Однако Дарья Власьевна в окончательную победу большевиков не верила и частенько, запершись во флигеле, открывала чемодан и ласково поглаживала толстыми пальцами свое иллюзорное сокровище.

В тот день, когда белые батальоны атаковали город, вдова Африканова, ободренная быстро нарастающей стрельбой, решила провести торжественный смотр своих богатств. Накинув дверной крючок, она опустила занавеску на окошке и, разложив бывшие деньги на кровати, стала разбирать их по пачкам в соответствии с происхождением и предполагаемой ценностью. Время от времени над двором пролетали снаряды, но это не мешало приятной работе. «Бог не выдаст, свинья не съест» – так философски мыслила вдова, давно привыкшая и, к обстрелам, и к смене властей.

И ей действительно удалось довести свой труд до конца и уложить пачки снова в чемодан. Однако снаряды начали падать ближе. Все обитатели двора давно сидели в погребе, но Дарья Власьевна не хотела идти туда с чемоданом, а оставить его во флигеле без присмотра не решалась. Ей пришло в голову, что во флигель может попасть снаряд и деньги погибнут. О собственной возможной гибели она как-то не думала, но меры предосторожности все-таки приняла. Опустившись на корточки, Дарья Власьевна залезла под кровать, легла в темноте на бок, положив голову на стоптанные домашние туфли, подтянула чемодан, прижав его руками к животу, и, прежде чем ее убили, поворочалась немного, выбирая положение поспокойнее, устроилась наконец и умерла смертью внезапной и счастливой, с легкой душой, согретой радостными надеждами.

Однако легкая для вдовы смерть произвела очень тяжелое впечатление на беременную Таню. Нет, она совсем не сожалела об Африкановой, которую считала женщиной пустой и в ее сорок лет почти старухой. Потрясло то, что осталось от Дарьи Власьевны в полуразрушенном взрывом флигеле, – ужасная смесь кусков только что живого, жирного, откормленного сладкими пирожками человеческого тела с рваными и опаленными бумажками, которые недавно еще составляли предмет забот и даже вожделений многих людей.

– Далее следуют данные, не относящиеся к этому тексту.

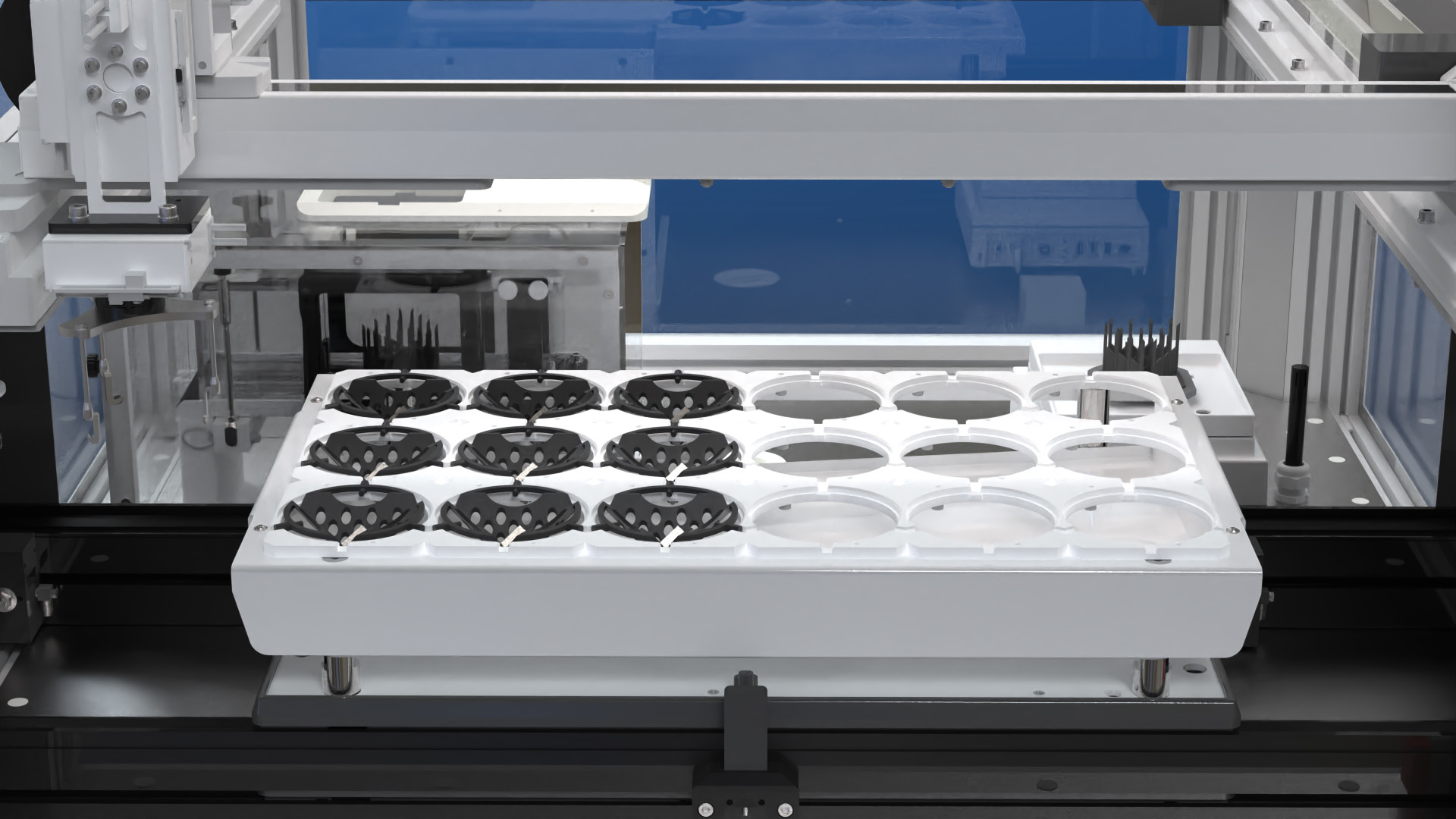 Dimensionics Density’s density determination technology elevates the classic Archimedes principle to new heights of precision, speed, and repeatability through the integration of advanced automation technology. The density determination process is meticulously designed for maximum accuracy. Samples are carefully placed within an innovatively crafted component carrier, featuring strategically positioned openings for measurement precision. These carriers glide through the system, guided by a robotic arm that ensures central and exact placement onto the vibration-insulated scales.
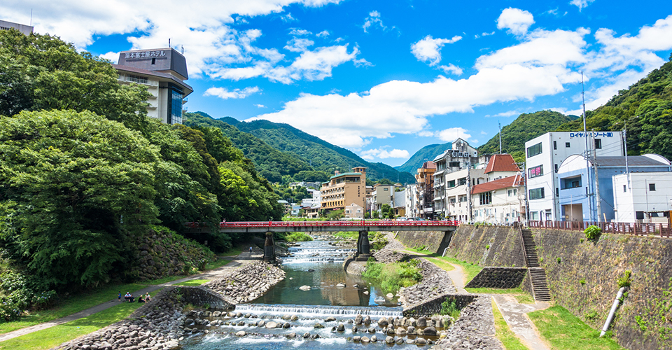 伊東温泉は、別府温泉・由布院温泉と並ぶ日本三大温泉のひとつに数えられます。泉質は単純泉や弱食塩泉が多く、さらりとした質感で体への刺激も少ないです。そのため乳幼児や高齢者でも入浴しやすく、リューマチの回復期や骨折の回復期などにも効果があるといわれています。市内には数多くの足湯や手湯の施設があり、松川公園の「ふれあいの湯」、伊豆高原駅前の「美足の湯」などが有名です。また、天城山を背にしつつ相模湾に向かって開けている地形であるため、海の幸とミカン・シイタケといった山の幸を両方楽しめます。
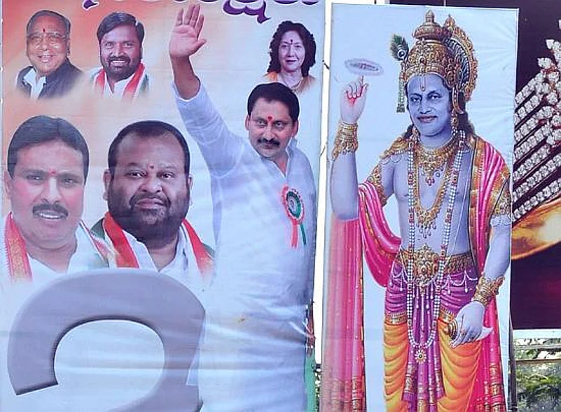 The CM, however, reportedly told officials to take down a hoarding on Necklace Road which portrayed him as Lord Krishna. While the poster showing a blue-skinned Kiran Kumar was eye-catching, the CM was apparently worried that this would give the MIM further ammunition to label him as saffron. So the GHMC authorities moved quickly and took it down.
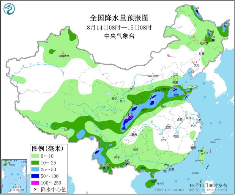 8月14日08时至15日08时,黑龙江北部和中东部、西北地区东部、华北中南部、黄淮东部、西南地区东北部和南部、华南南部、西藏东部等地的部分地区有中到大雨,其中,黑龙江西北部、陕西西南部、山西西南部、山东北部、四川盆地西北部、云南西部等地的部分地区有暴雨或大暴雨(100~130毫米)。内蒙古东部、黑龙江西南部、辽宁中部、新疆沿天山地区等地有4~6级风。
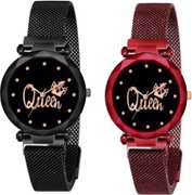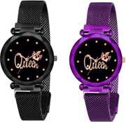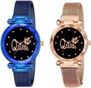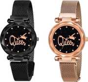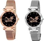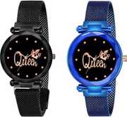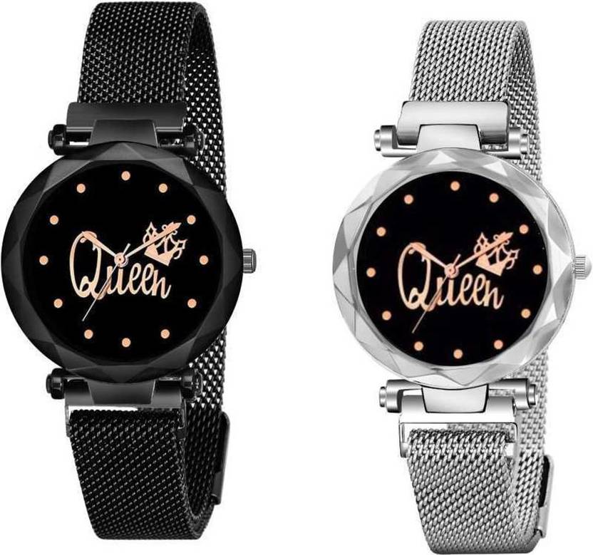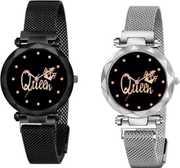 PZOZ Queen Dial Black and Silver combo Luxury Mesh Magnet Buckle Watches For girls Analog Watch - For Women
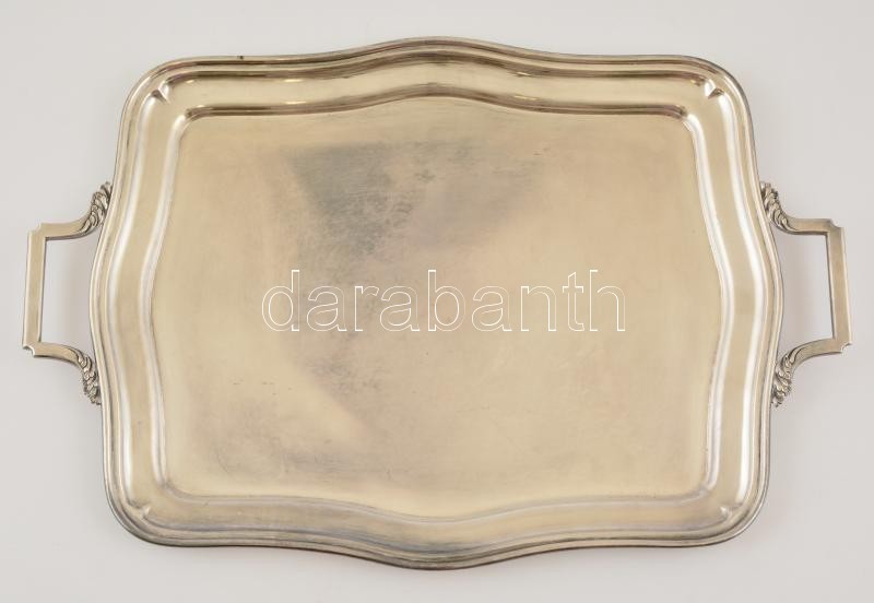 Wiskemann ezüstözött füles tálca, jelzett, 52×36 cm
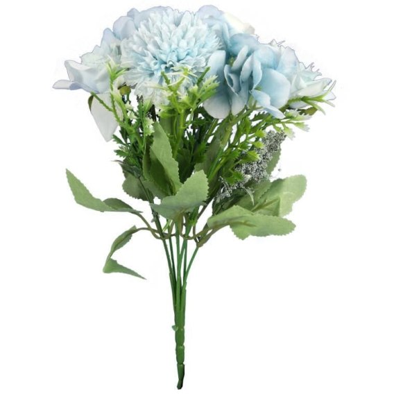 Bukiet 7 mieszanych kwiatów sztucznych z czosnkiem 32cm w kolorze niebieskim
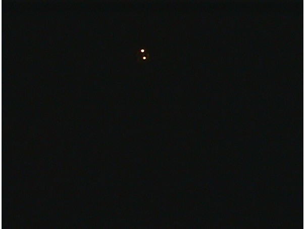 The two golden lights glowed in the distance while everything else stayed pitch black.
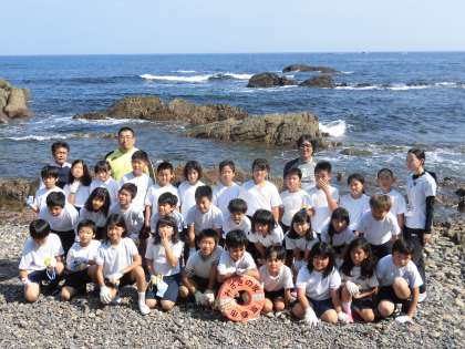 海を背景にみんなで記念撮影です。
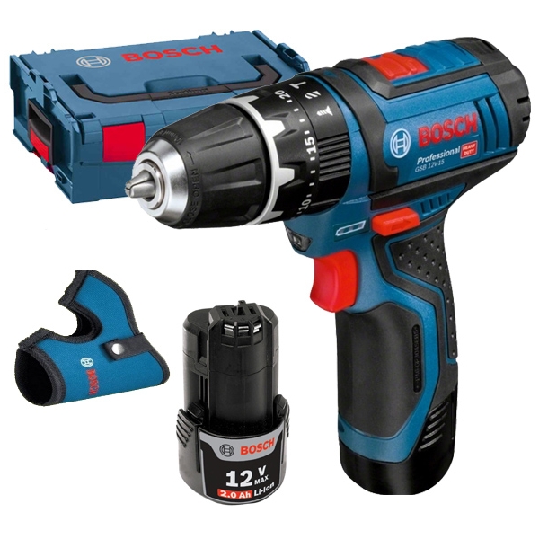 Masina de gaurit si insurubat Bosch - GSB 12V-15 - cu percutie cu acumulatori Li-Ion 12 V si 2 Ah.
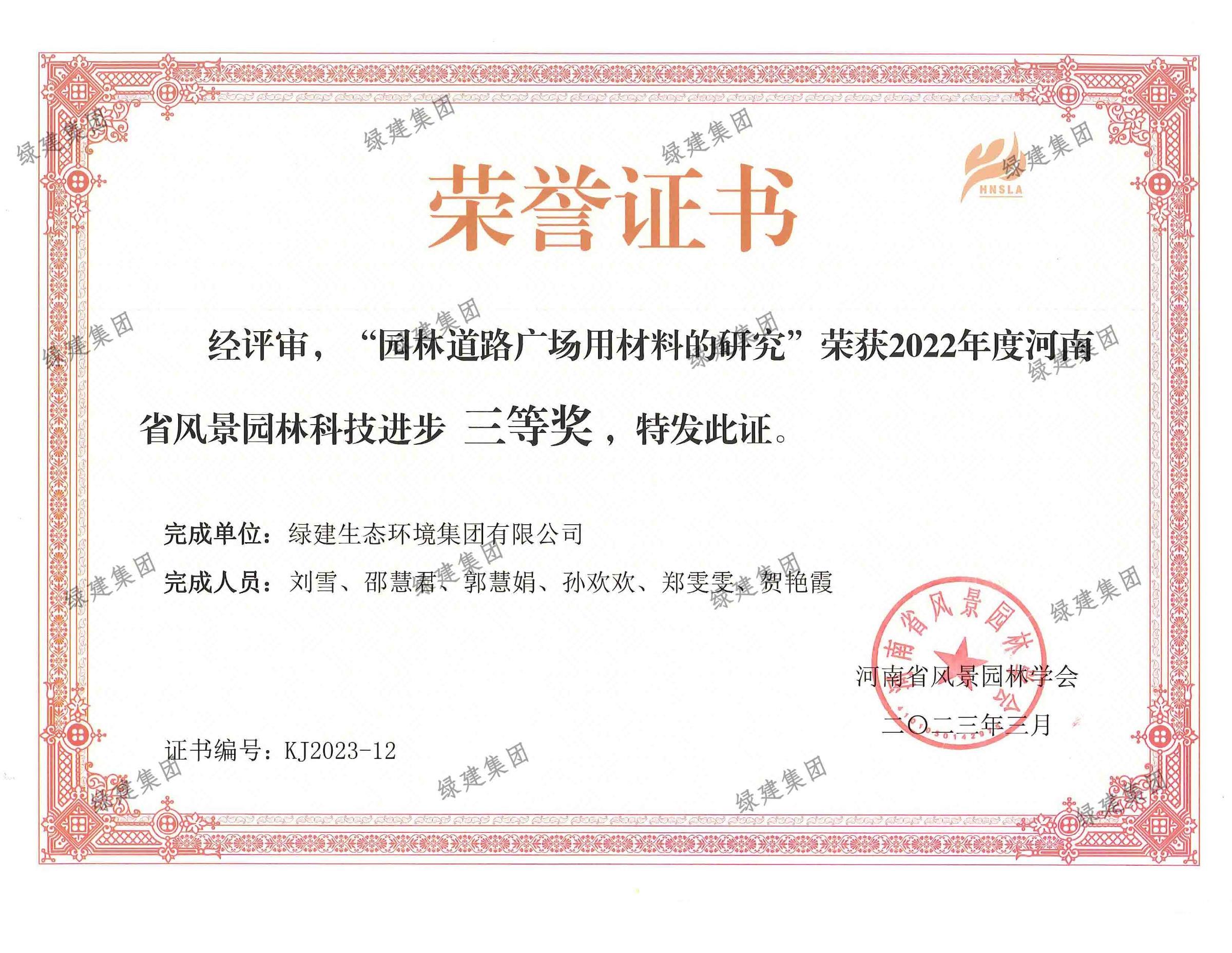 2023年度河南省風(fēng)景園林科技進步獎三等獎
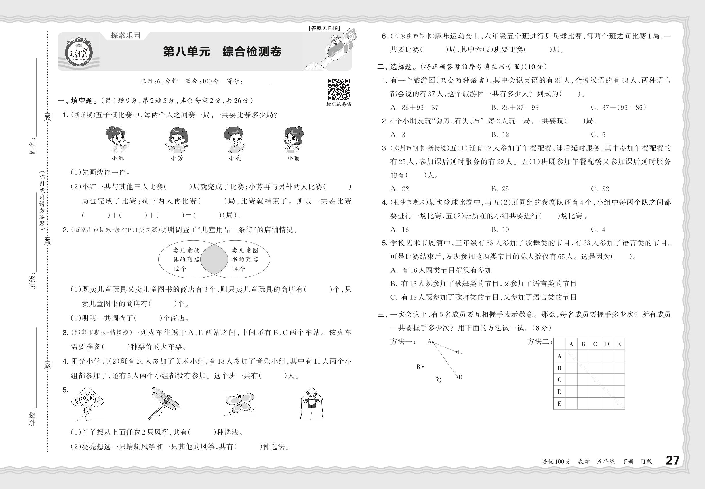 2024春下册五年级数学冀教版 第八单元 综合检测卷
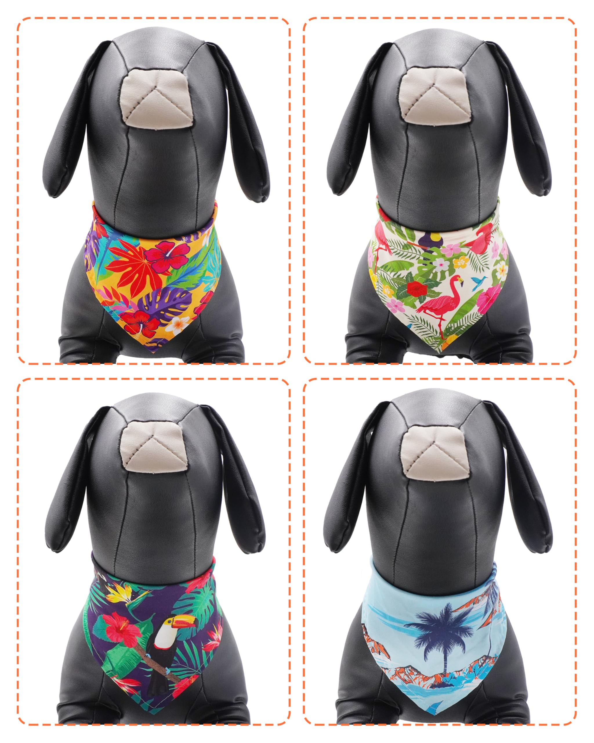 Multi-scenario Applications: These Hawaii dog bibs that add charms to your beloved pet in the holiday atmosphere, making them perfect for indoor and outdoor scenarios including celebrations, parties, family outings, photo sessions, holiday or as ideal gifts. They can also be worn as scarves, headwear, accessories for specially designed for all most breeds, these dog bandanas will help your furry friend shine at summer

Отталкивающее зрелище могло подавить и сильного человека, а Таня и без того последние недели не жила, а существовала, сломленная известием о смерти Юрия. Невозможно было представить, что ей предстоит прожить, может быть, сорок или пятьдесят лет, в два раза больше, чем прожила она до сих пор, а Юрия никогда, никогда не будет. И конечно же невозможно было поверить, что он, молодой, с упругими мышцами под гладкой белой кожей, с серо-голубыми добрыми глазами, с шелковистыми каштановыми волосами, может быть мертвым, холодным и недвижимым…

Разумеется, она знала, что люди смертны, и могла представить, что и отец ее и мать со временем умрут, но, что так может случиться с Юрием, представить себе не могла, хотя и повторяла горячо ежедневно молитву, прося у бога сохранить ему жизнь, и знала, что на войне убивают, не разбирая возраста. И только сегодня, увидав смерть вблизи и воочию, она как бы убедилась, что все невероятное не только могло произойти, но и произошло.

В этом ужасном полушоковом состоянии Таня никак не могла сообразить, зачем пришел к ней высокий офицер с перевязанной рукой.

– Я близкий друг вашего покойного жениха, Татьяна Васильевна.

– Да? – спросила она.

Барановский с болью разглядывал бледное лицо с ввалившимися глазами и худые руки, механически перебиравшие бахрому накинутого на плечи вязаного платка.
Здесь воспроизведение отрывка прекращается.